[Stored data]
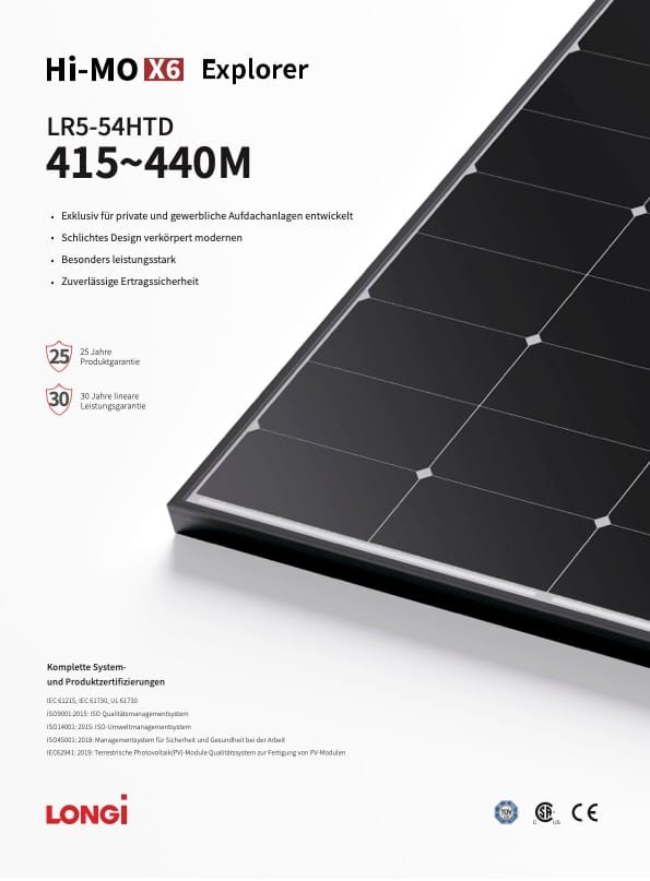 Високопродуктивний cонячний модуль потужністю 405 Вт LONGi LR5-54HIH 405M серії Hi-MO 5m – має висоту 1722 мм і ширину 1134 мм з потужністю 405 Wp. Виходячи з цих ключових даних, ця сонячна панель ідеально підходить для домашніх і комерційних застосувань. LONGi Solar є одним із провідних виробників високоефективних сонячних батарей і модулів. Понад 20 років він зосереджувався на технології монокристалічних сонячних батарей й зміг завоювати лідерство на світовому ринку.
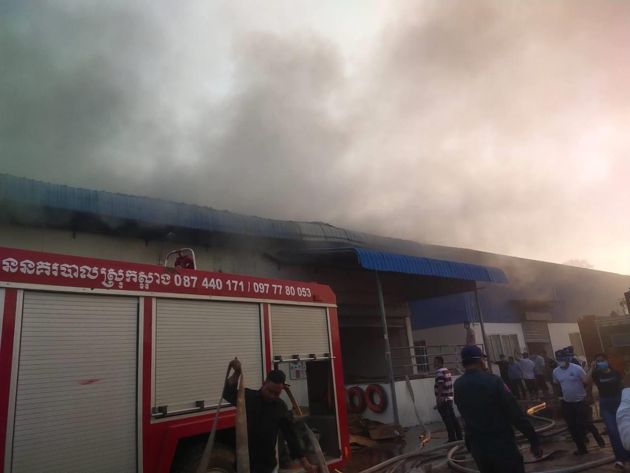 អគ្គិភ័យឆេះរោងចក្រមួយកន្លែង នៅស្រុកស្អាង ខេត្តកណ្ដាល, សមត្ថកិច្ចប្រើប្រាស់ទឹកអស់២៣ឡាន ទើបគ្រប់គ្រងបានទាំងស្រុង
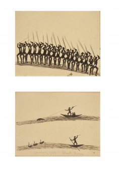 Lot 36 – Tommy McRae, Ceremony / Spearing Fish and Black Swan, c1880. Pen and ink on paper, 22 x 28 cm each, est. $50,000-$70,000. Vote Yes for the Voteless
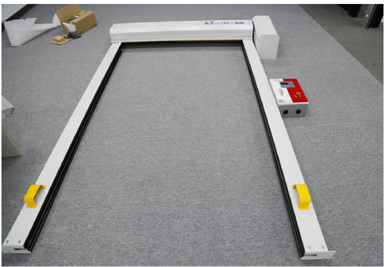 首先开箱检查配件是否齐全(每套门有5个件,其中包含控制箱1套、电机及编码器1套、门头包厢1套、轨道1套、光电及五金配件1套)
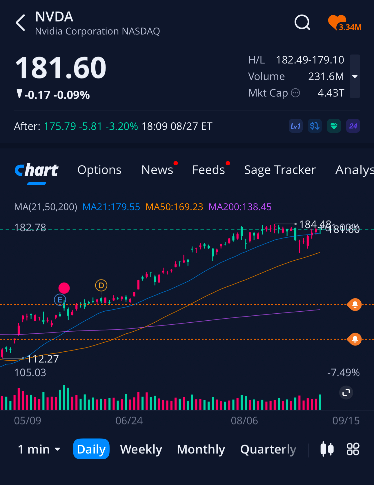 오늘의 특징주 종목은 엔비디아입니다. 모든 투자자들이 기다려온 2분기 실적을 발표 했습니다. 실적은 애널 예상 보다 좋게 나왔지만 시간외마켓에서 -2.4% 빠지는 중입니다.
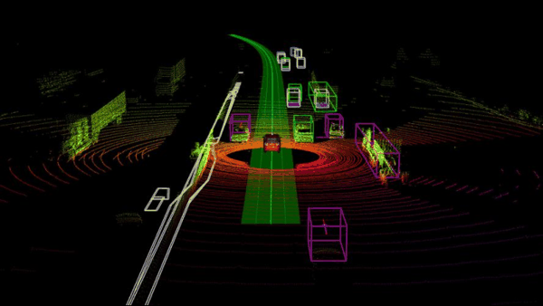 当激光雷达不断发射激光束,每一次反射回来都会形成一个空间点,这些点组合在一起,就构成了车辆看到的三维世界。如果点比较少,只会形成一个模糊的点状轮廓;如果点足够多,生成的轮廓就会清晰,甚至接近真实图像。
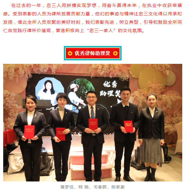 新年伊始,湖北忠三律师事务所(以下简称“忠三所”)于2020年1月11日-13日,举行了2019年全体合伙人大会暨总结表彰会。忠三一家人齐聚一堂,共同分享过去一年勠力同心、砥砺奋进的收获与喜悦,一起展望新一年携手并进、再创辉煌的美好愿景。
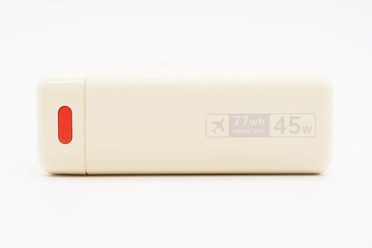 侧面拥有醒目的红色电源键,同时印有77Wh能量、45W充电功率以及可上飞机标识。
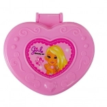 Dieses rosa Schönheitsset enthält Kosmetikartikel, die speziell für Kinder entworfen wurden, alles in der Form eines anziehenden Herzens.
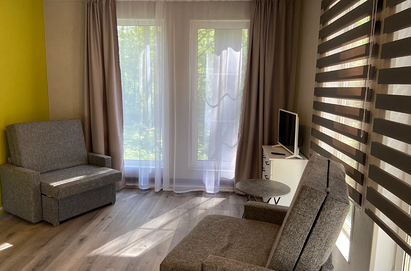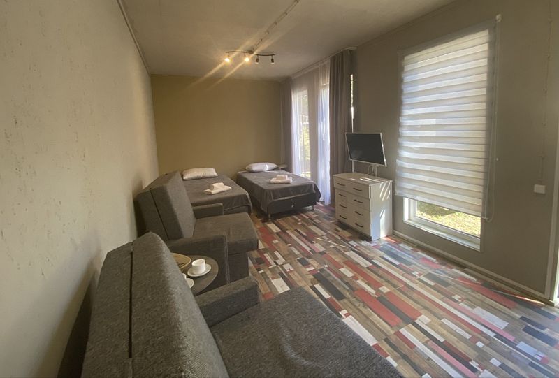 Номер со всеми удобствами ,есть отдельный выход на террасу с уличной мебелью.
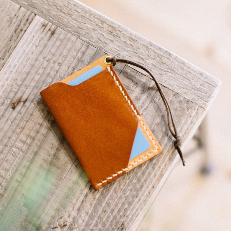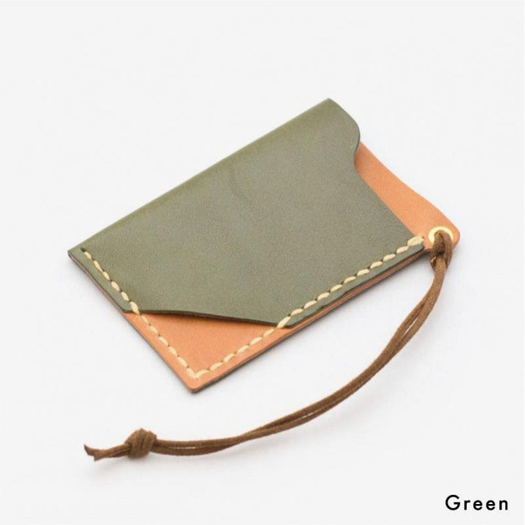 대조적인 가죽 색상의 핸드스티치 패스케이스
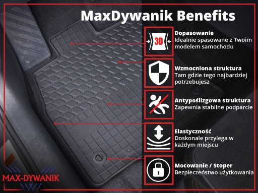 Zestaw stworzony przez firmę MAX-DYWANIK® składający się z dedykowanych dywaników gumowych oraz uniwersalnej osłony na tunel środkowy polskiej firmy MOTOHOBBY
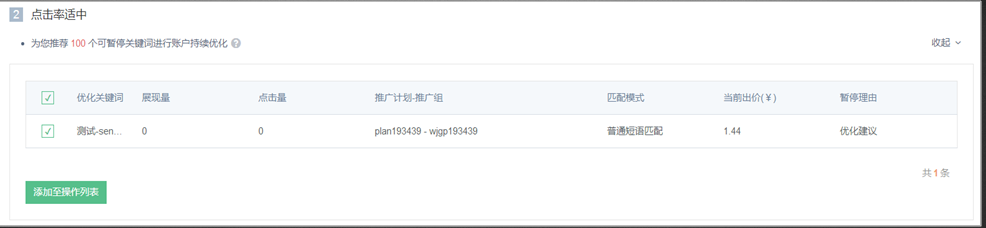 Q:分析的账户优化建议勾选后会自动同步到点睛平台吗?
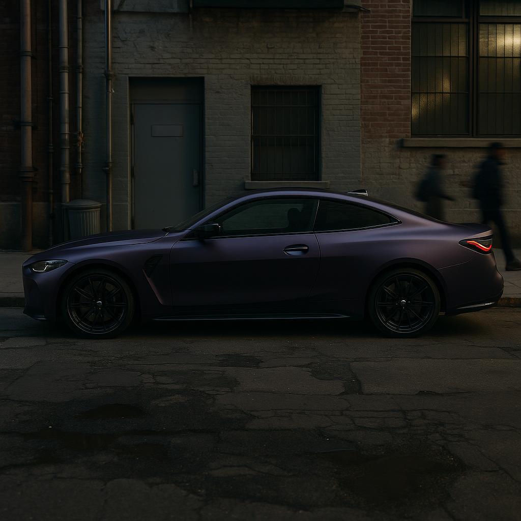 For car wrap applications where finish quality matters, it pairs visual character with dependable panel consistency. Across body lines, finish is matte with very low sheen, lacking glossiness. Texture appears smooth and uniform with no visible pattern or grain. Opaque with no transparency or translucency visible in the swatch. The result is a confident, premium visual finish that photographs well and performs in real-world driving contexts.
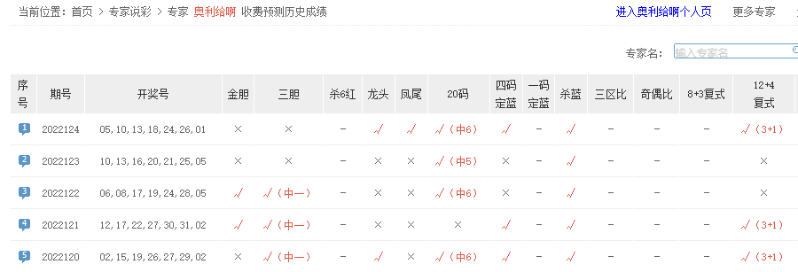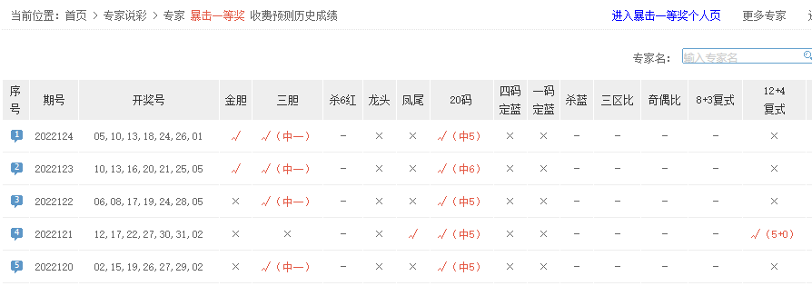 暴击一等奖、精彩人生009、牛年添彩、娱乐至上515、意志坚定、彩经助手、韩非子等专家命中5红。

### WHAT YOU ARE ASKED TO DO
Leaving the pictures out, copy exactly the lines from the line that contains "Lot 36 – Tommy" to the last line of the data, both ends included.

### EXPECTED OUTPUT
 Lot 36 – Tommy McRae, Ceremony / Spearing Fish and Black Swan, c1880. Pen and ink on paper, 22 x 28 cm each, est. $50,000-$70,000. Vote Yes for the Voteless
 首先开箱检查配件是否齐全(每套门有5个件,其中包含控制箱1套、电机及编码器1套、门头包厢1套、轨道1套、光电及五金配件1套)
 오늘의 특징주 종목은 엔비디아입니다. 모든 투자자들이 기다려온 2분기 실적을 발표 했습니다. 실적은 애널 예상 보다 좋게 나왔지만 시간외마켓에서 -2.4% 빠지는 중입니다.
 当激光雷达不断发射激光束,每一次反射回来都会形成一个空间点,这些点组合在一起,就构成了车辆看到的三维世界。如果点比较少,只会形成一个模糊的点状轮廓;如果点足够多,生成的轮廓就会清晰,甚至接近真实图像。
 新年伊始,湖北忠三律师事务所(以下简称“忠三所”)于2020年1月11日-13日,举行了2019年全体合伙人大会暨总结表彰会。忠三一家人齐聚一堂,共同分享过去一年勠力同心、砥砺奋进的收获与喜悦,一起展望新一年携手并进、再创辉煌的美好愿景。
 侧面拥有醒目的红色电源键,同时印有77Wh能量、45W充电功率以及可上飞机标识。
 Dieses rosa Schönheitsset enthält Kosmetikartikel, die speziell für Kinder entworfen wurden, alles in der Form eines anziehenden Herzens.
 Номер со всеми удобствами ,есть отдельный выход на террасу с уличной мебелью.
 대조적인 가죽 색상의 핸드스티치 패스케이스
 Zestaw stworzony przez firmę MAX-DYWANIK® składający się z dedykowanych dywaników gumowych oraz uniwersalnej osłony na tunel środkowy polskiej firmy MOTOHOBBY
 Q:分析的账户优化建议勾选后会自动同步到点睛平台吗?
 For car wrap applications where finish quality matters, it pairs visual character with dependable panel consistency. Across body lines, finish is matte with very low sheen, lacking glossiness. Texture appears smooth and uniform with no visible pattern or grain. Opaque with no transparency or translucency visible in the swatch. The result is a confident, premium visual finish that photographs well and performs in real-world driving contexts.
 暴击一等奖、精彩人生009、牛年添彩、娱乐至上515、意志坚定、彩经助手、韩非子等专家命中5红。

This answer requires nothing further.